───── Excerpted data ─────
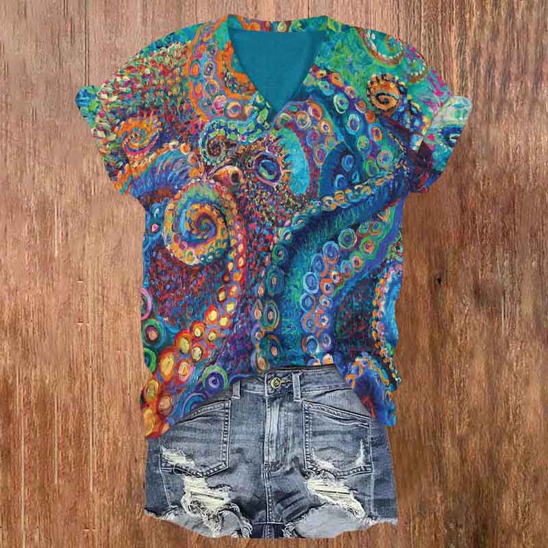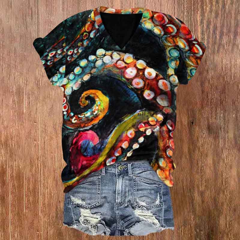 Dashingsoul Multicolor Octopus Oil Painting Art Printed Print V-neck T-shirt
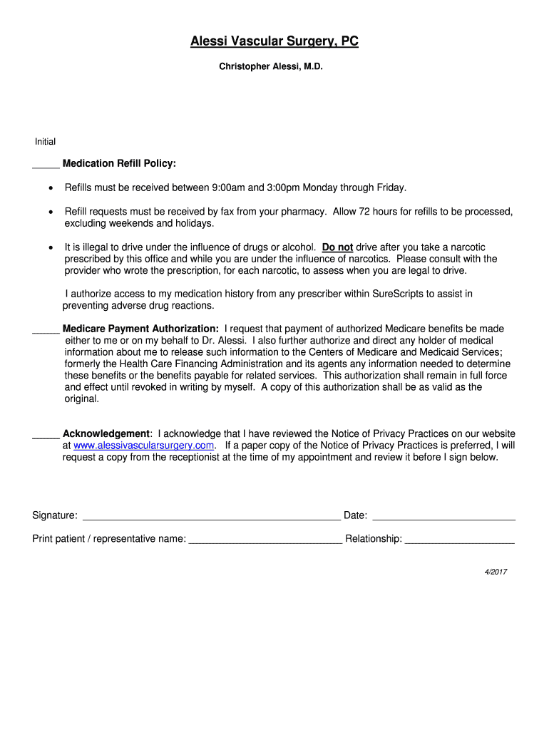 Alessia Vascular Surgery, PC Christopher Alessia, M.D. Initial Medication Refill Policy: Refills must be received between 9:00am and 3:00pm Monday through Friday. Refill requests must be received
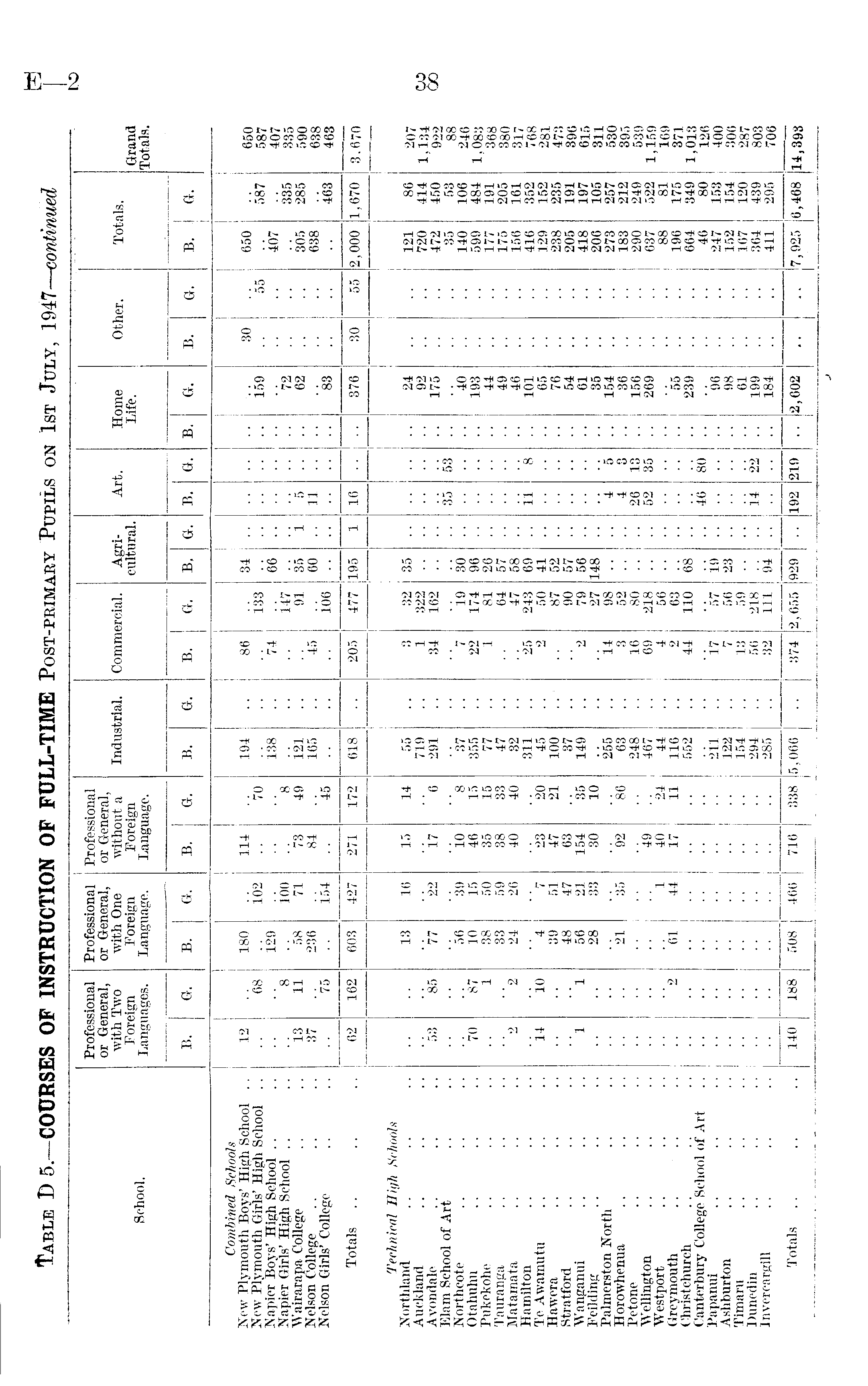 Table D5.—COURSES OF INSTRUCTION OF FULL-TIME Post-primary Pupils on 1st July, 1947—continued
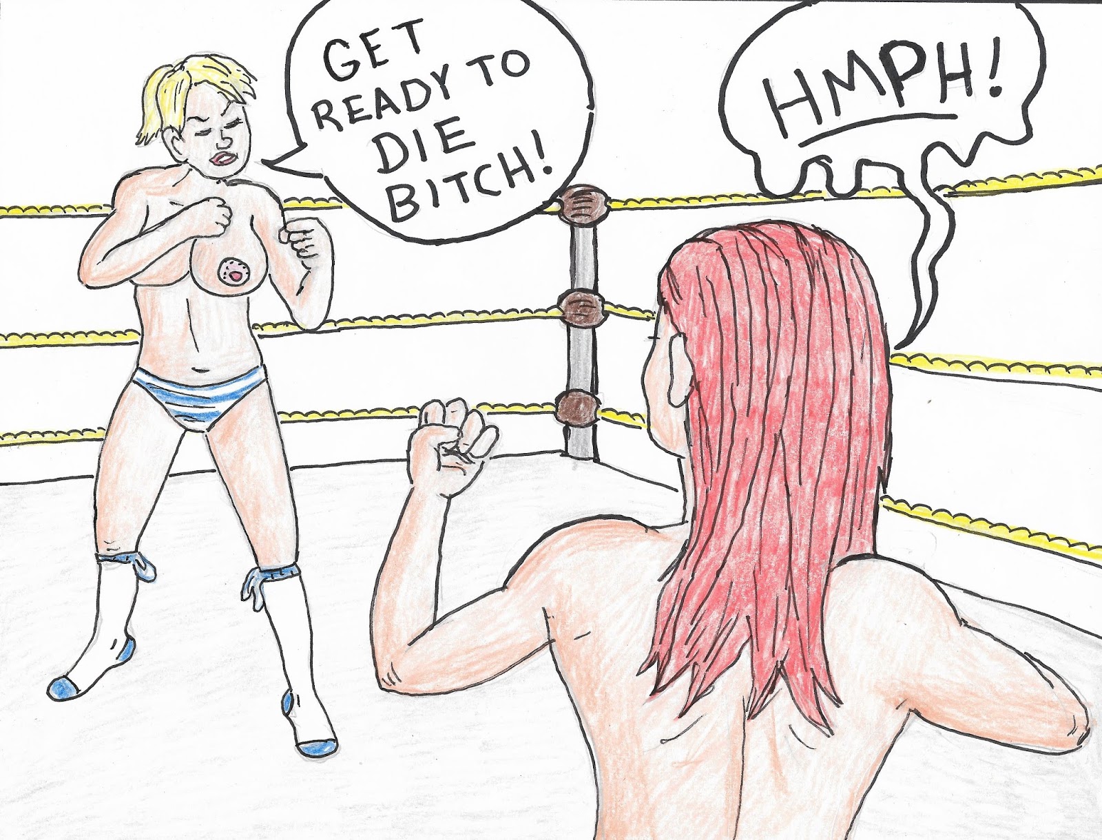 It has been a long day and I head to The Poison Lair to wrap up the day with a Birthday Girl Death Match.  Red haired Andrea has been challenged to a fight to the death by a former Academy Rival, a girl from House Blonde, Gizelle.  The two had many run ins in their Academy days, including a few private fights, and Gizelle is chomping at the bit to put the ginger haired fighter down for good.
─────
───── Excerpted data ─────
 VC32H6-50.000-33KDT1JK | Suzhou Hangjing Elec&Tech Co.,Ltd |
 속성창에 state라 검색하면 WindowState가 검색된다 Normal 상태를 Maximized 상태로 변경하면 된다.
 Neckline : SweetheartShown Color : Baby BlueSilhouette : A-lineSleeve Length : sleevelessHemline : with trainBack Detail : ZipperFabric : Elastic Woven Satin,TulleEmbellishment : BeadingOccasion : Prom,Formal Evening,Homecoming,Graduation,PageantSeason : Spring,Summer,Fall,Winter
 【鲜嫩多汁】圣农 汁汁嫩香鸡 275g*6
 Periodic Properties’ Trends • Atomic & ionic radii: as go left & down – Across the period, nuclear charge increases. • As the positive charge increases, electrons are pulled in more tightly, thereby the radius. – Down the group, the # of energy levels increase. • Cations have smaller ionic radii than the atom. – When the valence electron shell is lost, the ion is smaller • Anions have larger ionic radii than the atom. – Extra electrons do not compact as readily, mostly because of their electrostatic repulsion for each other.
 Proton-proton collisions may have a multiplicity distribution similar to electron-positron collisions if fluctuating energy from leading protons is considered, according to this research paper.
─────
In the listing above, find the line holding "Dashingsoul Multicolor Octopus" and the line holding "It has been". Reproduce those two lines and all between them exactly, leaving out pictures.

 Dashingsoul Multicolor Octopus Oil Painting Art Printed Print V-neck T-shirt
 Alessia Vascular Surgery, PC Christopher Alessia, M.D. Initial Medication Refill Policy: Refills must be received between 9:00am and 3:00pm Monday through Friday. Refill requests must be received
 Table D5.—COURSES OF INSTRUCTION OF FULL-TIME Post-primary Pupils on 1st July, 1947—continued
 It has been a long day and I head to The Poison Lair to wrap up the day with a Birthday Girl Death Match.  Red haired Andrea has been challenged to a fight to the death by a former Academy Rival, a girl from House Blonde, Gizelle.  The two had many run ins in their Academy days, including a few private fights, and Gizelle is chomping at the bit to put the ginger haired fighter down for good.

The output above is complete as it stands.